There was a familiar nostalgic quality that brought back dim memories of home; hunting kine with her mother and aunts, sparring with her brother and father, climbing to the top of the wall to look out over the vast Rhunish desert and sprinting away before the guards could catch her. She had never realized how much she had loved Haza until she had left, and it was far too late for her to return now. The longing for home was familiar to Amrûn; how could she deny them aid, when for too long that same ache had resided in her? So much of her had already slipped away...
"I ought to go back to the inn if I hope for any rest tonight, Gandalf," she said. Her voice seemed oddly small in the silence after the song. She stood creakily, wincing as the movement pulled at charred and broken skin and slipped out, ducking briefly into the bedroom where Bilbo sat, deep in thought. "Mr. Baggins?" She called, the hobbit jumping a little and whirling around. "I'll be going now. I thank you for your hospitality."
Without another word, she made her way into the foyer, tugging her mask over her face. She felt more than heard the footsteps behind her.
"Leaving so soon?"
The dwarf prince's voice was low and even, and when she looked back his expression was unreadable.
"My horse and my things are at the lodge in Bree. I need to go," she said briskly, pulling on her cloak in a swirl of red fabric.

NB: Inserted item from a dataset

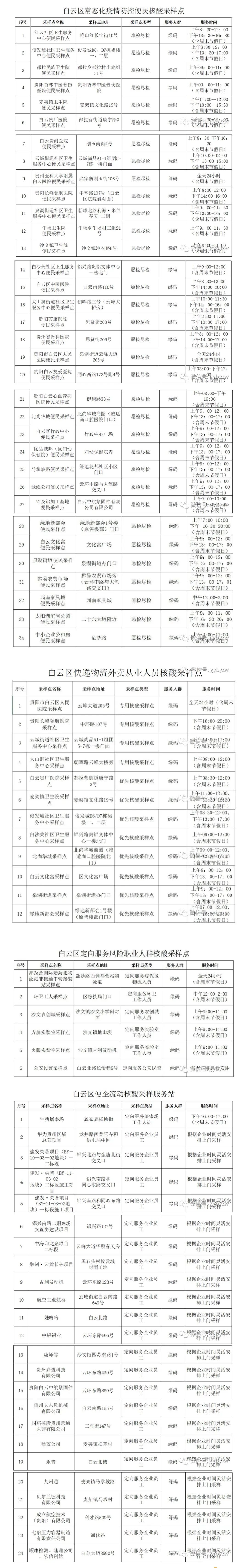 完成核酸采样后,“健康码”将在24小时内恢复绿码。白云区设置了64个便民核酸采样点(详细地点见附表),为市民提供免费混检服务。

"You are coming with us, aren't you lass?" Bofur asked, peeking around Thorin. Was it just her, or was there a note of anxiety in his voice?
"Yes, of course. I'll be meeting you in the morning," she responded, though the remark seemed addressed more toward Thorin than Bofur. "Master Dori-" the addressed dwarf, lurking near the back of the group with Ori, started. "-thank you for the tea. It was delicious."
With that said, Amrûn tugged her hood over her head and darted out into the cool spring night, a red phantom that disappeared as suddenly as she came.